Neural Networks aren’t very dependent to highly accurate data, particularly after training, so math can be performed on 16-bit or even 8-bit data, instead of large 32/64-bit entries. This reduces memory and cache requirements and highly improves memory information bandwidth, which has always been limited in smartphone SoCs.
As part of the ARMv8.2-A architecture for the Cortex-A75 and A55, ARM introduced support for FP16 (half-precision floating point) and integer dot products (INT8) with NEON – ARM’s advanced single instruction multiple data architecture extension. The introduction of FP16 removed the conversion stage to FP32 from the previous architecture, reducing overhead and speeding up processing.

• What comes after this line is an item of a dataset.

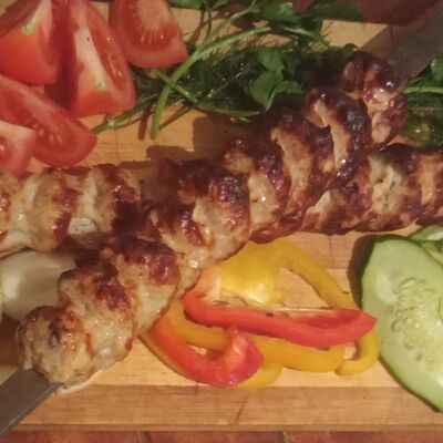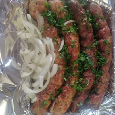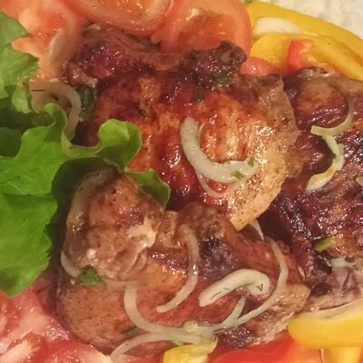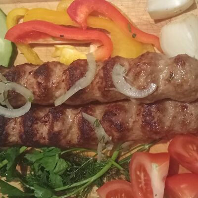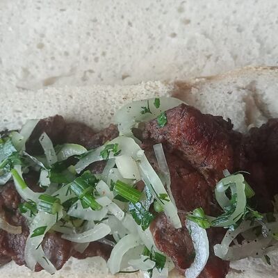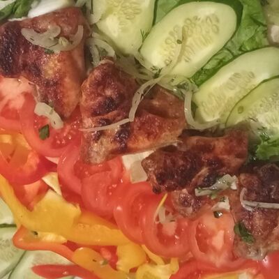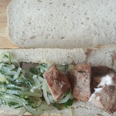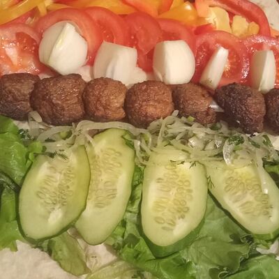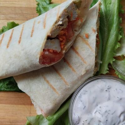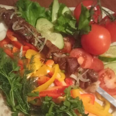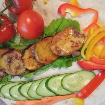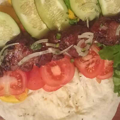 Шаурма из свинины, корейская морковь, соленые огурцы, капуста, помидоры, лук, соус

ARM’s new INT8 operation combines multiple instructions into one instruction to reduce latency. By embedding optional NEON pipeline in A55, INT8 performance will improve up to 4x over the A53, which, in turn, makes the core a power efficient option to compute low accuracy machine learning mathematics.
On the GPU side, ARM has specifically designed Bifrost architecture to simplify system coherency. This implies the Mali-G71 and G72 can share cache memory directly with CPU, increasing the speed of computing workloads because CPU and GPU can work more closely. Given the fact that GPUs are specialized in Computing massive parallel threads, close cooperation with CPU makes a perfect combination for processing machine learning algorithms.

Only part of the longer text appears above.